1.4 Macro structure of the algorithm
The macro structure of this algorithm can be represented as the combination of the forward and backward elimination paths. In addition, the forward path can be split into two macro units, namely, the forward paths of both right- and left-eliminations executed simultaneously, that is, in parallel, for two halves of the SLAE. The backward path can also be split into two macro units, namely, the backward paths of both right- and left-eliminations executed simultaneously, that is, in parallel, for two halves of the SLAE.
1.5 Implementation scheme of the serial algorithm
The method is executed as the following sequence of steps:
1. Initialize the forward elimination path:
[math]\alpha_{1} = b_{0}/c_{0}[/math],
[math]\beta_{1} = f_{0}/c_{0}[/math],
[math]\xi_{N} = a_{N}/c_{N}[/math],
[math]\eta_{1} = f_{N}/c_{N}[/math].
2. Execute the forward path formulas:
[math]\alpha_{i+1} = b_{i}/(c_{i}-a_{i}\alpha_{i})[/math], [math]\quad i = 1, 2, \cdots , m-1[/math],
[math]\beta_{i+1} = (f_{i}+a_{i}\beta_{i})/(c_{i}-a_{i}\alpha_{i})[/math], [math]\quad i = 1, 2, \cdots , m-1[/math],
[math]\xi_{i} = a_{i}/(c_{i}-b_{i}\xi_{i+1})[/math], [math]\quad i = N-1, N-2, \cdots , m[/math],
[math]\eta_{i} = (f_{i}+b_{i}\eta_{i+1})/(c_{i}-b_{i}\xi_{i+1})[/math], [math]\quad i = N-1, N-2, \cdots , m[/math].

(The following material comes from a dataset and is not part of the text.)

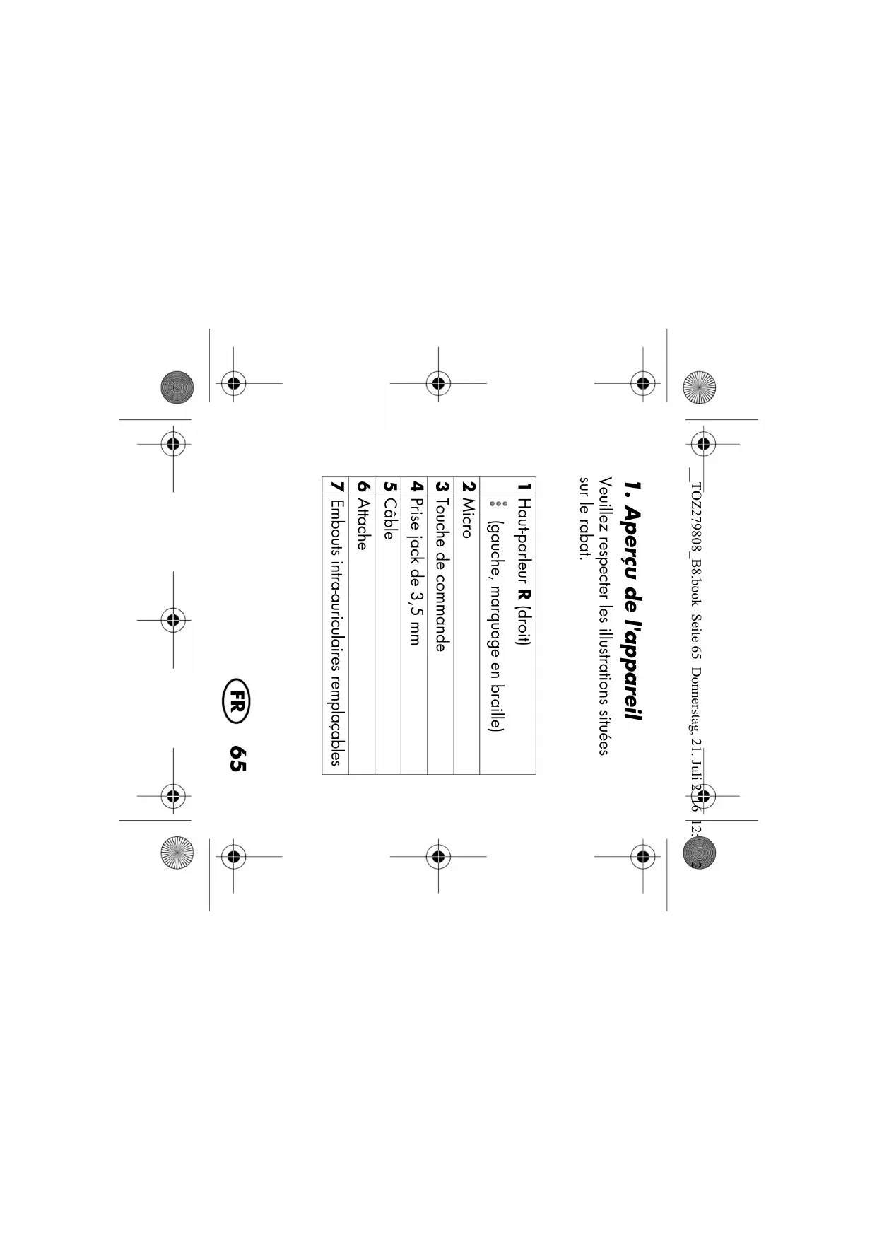 Veuillez respecter les illustrations situées sur le rabat. 1 Haut-parleur R (droit) (gauche, marquage en braille) 2 Micro 3 Touche de commande 4 Prise jack de 3,5 mm 5 Câble 6 Attache
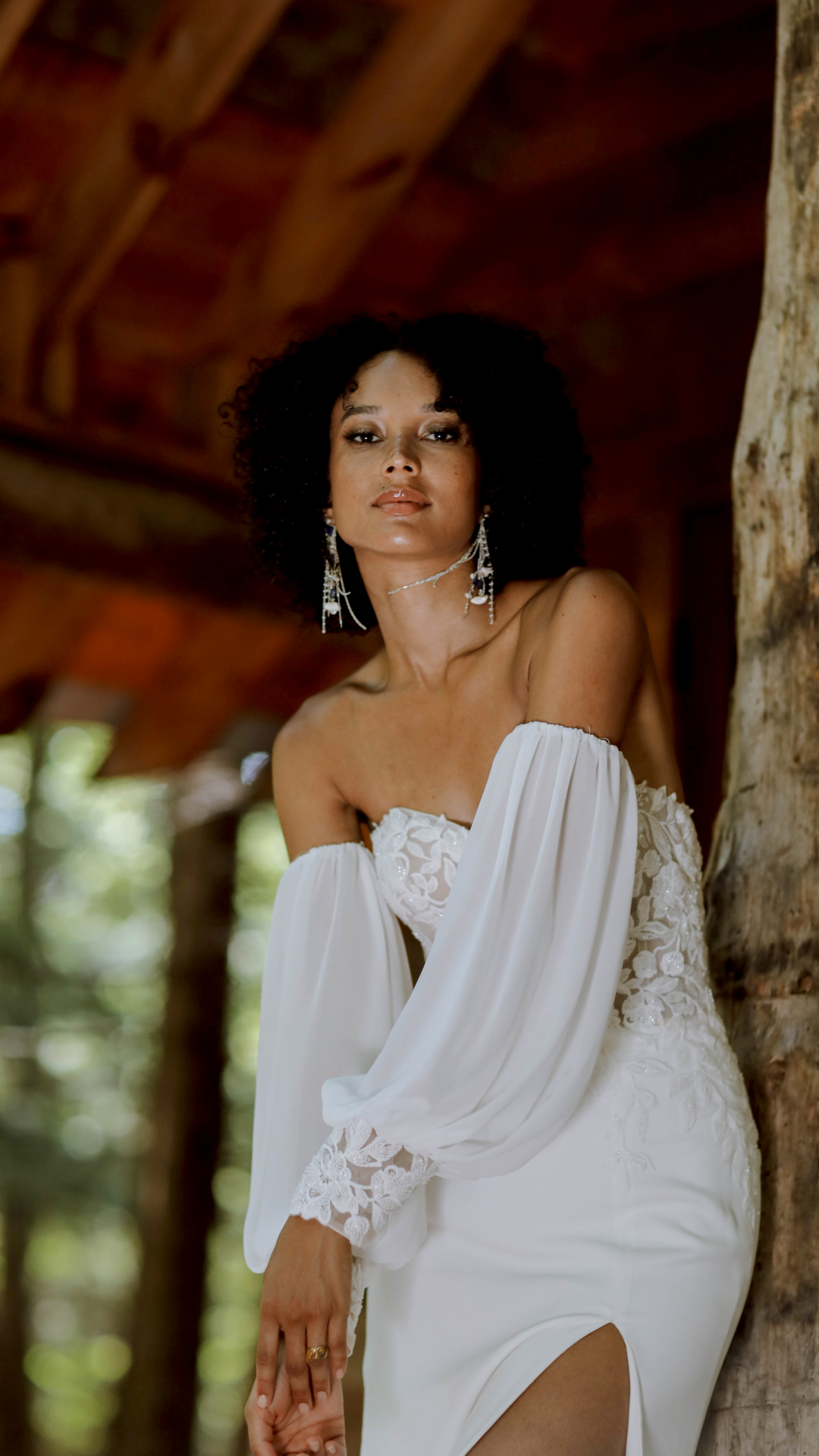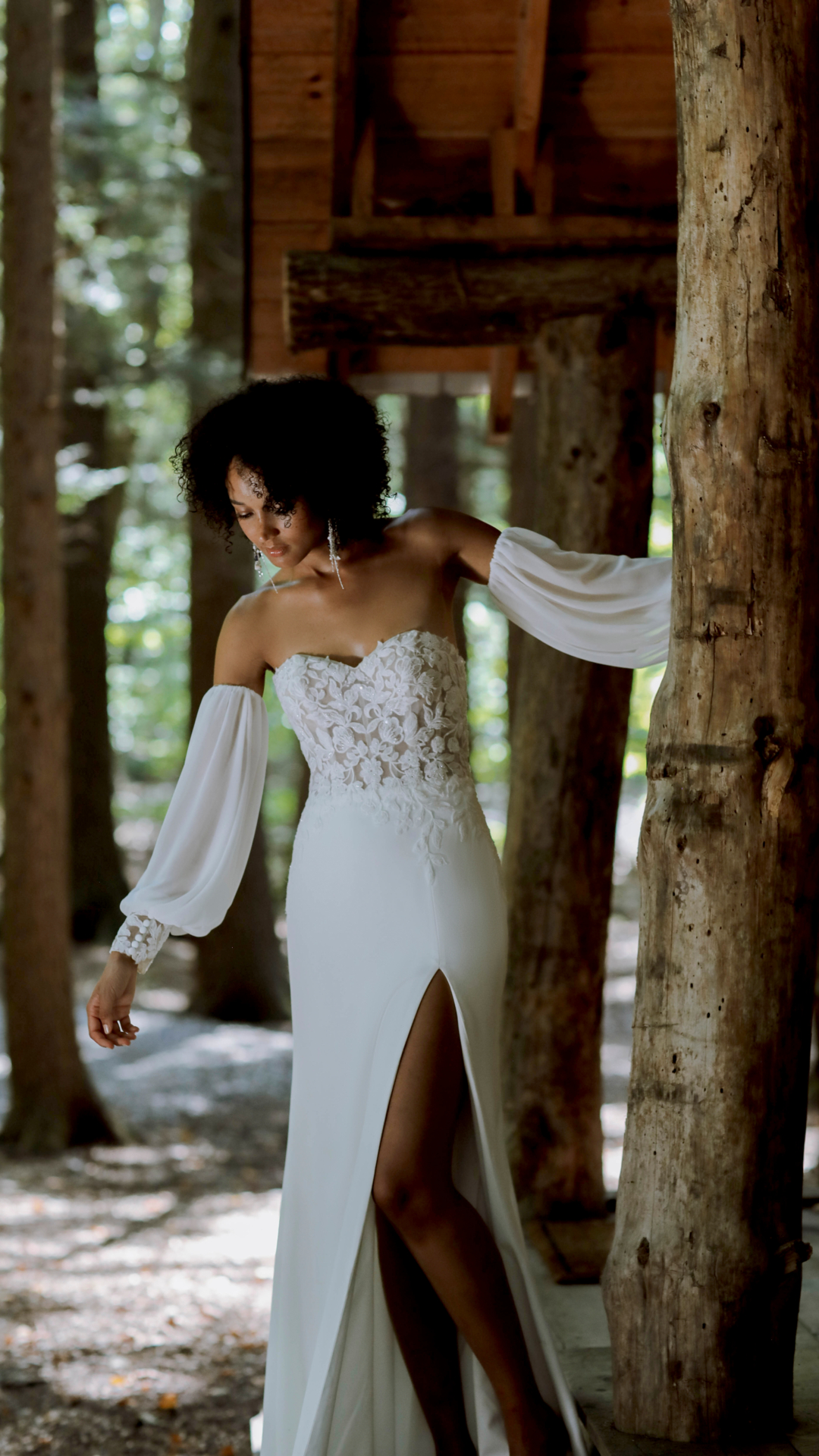 Vestido de novia con silueta ajustada y abertura frontal lateral. Escote en forma de corazón con estructura interna de corsé y soporte completo. Mangas largas tipo off shoulder con volumen en la parte superior y ajuste en el puño. Cuerpo con bordado aplicado en la parte superior y transición limpia hacia la falda lisa. Extensión posterior tipo cola con terminación en diseño floral.

3. Initialize the backward elimination path:
[math]y_{m-1} = (\beta_{m}+\alpha_{m}\eta_{m})/(1-\xi_{m}\alpha_{m})[/math],
[math]y_{m} = (\eta_{m}+\xi_{m}\beta_{m})/(1-\xi_{m}\alpha_{m})[/math].
4. Execute the backward path formulas:
[math]y_{i} = \alpha_{i+1} y_{i+1} + \beta_{i+1}[/math], [math]\quad i = m-1, m-2, \cdots , 1, 0[/math],
[math]y_{i+1} = \xi_{i+1} y_{i} + \eta_{i+1}[/math], [math]\quad i = m, m+1, \cdots , N-1[/math].
The formulas of the forward path contain double divisions by the same expressions. These divisions can be replaced by the calculation of reciprocal numbers succeeded by the multiplication by these numbers (see fig. 2).